Protecting little ones from dreaded virus - GulfToday

Protecting little ones from dreaded virus


Picture used for illustrative purpose only.

In these virus-driven times, protection from the coronavirus is the topmost priority across all sectors of society and tiers of living. And for that several must-dos have been laid out by health functionaries. That includes children wearing face masks, a mandatory precaution.

However, there are aberrations in some parts of the world. Several hundred Romanians, including many families with young children, protested on Saturday in the country’s capital against measures to curb the spread of coronavirus, especially the mandatory use of masks in schools.

Like other countries in Europe, the number of new virus cases has spiked in recent days in Romania, with a record 1,713 cases earlier this week and 1,333 more on Saturday. In all, Romania has registered 111,550 cases of COVID-19, with 4,402 confirmed deaths.

Protesters at Bucharest’s University Square chanted slogans against President Klaus Iohannis and Prime Minister Ludovic Orban and drew parallels between the protective measures against the pandemic and the communist and Nazi regimes. One of the speakers at the rally compared the measures to the torture of dissidents during Communism.

However, the World Health Organisation (WHO)  thinks differently. It said children aged 12 and over should wear masks to help tackle the COVID-19 pandemic under the same conditions as adults, while children between six and 11 should wear them on a risk-based approach.
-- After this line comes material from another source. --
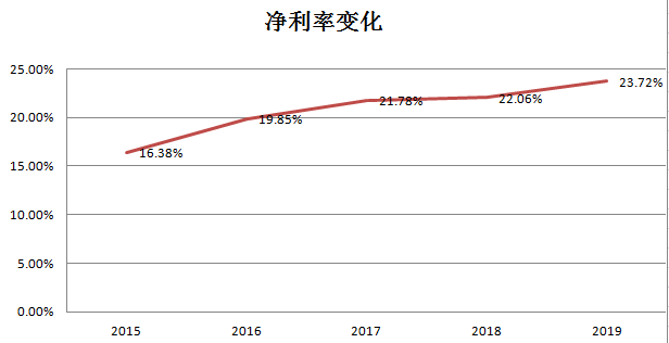 不只是绝对盈利规模在增加,艾迪精密的利润率也在逐年提升,2015-2019年,公司的净利润率分别为16.38%、19.85%、21.78%、22.06%、23.72%,在毛利率没有大幅改观的背景下,反应出其良好的成本控制水准。

Children aged 12 and over should particularly wear a mask when a one-metre distance from others cannot be guaranteed and there is widespread transmission in the area, the WHO and the United Nations Children’s Fund (Unicef) said in a document on the WHO website dated Aug. 21.

Studies suggest older children potentially play a more active role in transmission of the new coronavirus than younger children.

Children aged five years and under should not be required to wear masks based on the safety and overall interest of the child, the WHO and Unicef said.

The UAE, however, is not taking any chances. It is making all-out efforts to enforce strict regulations to ward off the feared virus. It is recommended that children wear face masks provided they are more than two years old, announced Dr Omar Al Hammadi, the official spokesperson for the UAE Government, at a media briefing held in Abu Dhabi recently.

Dr Al Hammadi revealed that children are not immune to the virus, especially those who suffer from chronic diseases, noting that although they are less likely to develop severe symptoms, they are able to carry the virus and transmit it, so adequate precautions must be taken to save children from infection.

The risks are particularly pertinent when one takes into account the fact that kids are back in schools.

Dr. Hend Al Awadhi, Head of Health Promotion and Education Section in DHA’s Public Health Protection Department said, “In line with governmental guidelines, schools have adopted stringent precautionary measures to reduce the possibility of transmission of infection among students and to provide a safe and healthy educational environment. Parents also play a pivotal role in helping maintain health and safety standards. Students and parents must adopt internationally recommended safety measures at school and after school as well.”

Al Awadhi provided some tips to prepare children to go back to school. Among the tips is talking to children about the changes they will experience in school, such as having to wear a mask and the importance of maintaining physical distance between them and everyone at all times.

Children may be utterly bewildered by the dramatic tweak in school rules and behaviour, thanks to the virus, and could be psychologically affected.

Parents must allay their fears and educate them on positive practices to ensure that the virus is not within miles of their overall wellbeing.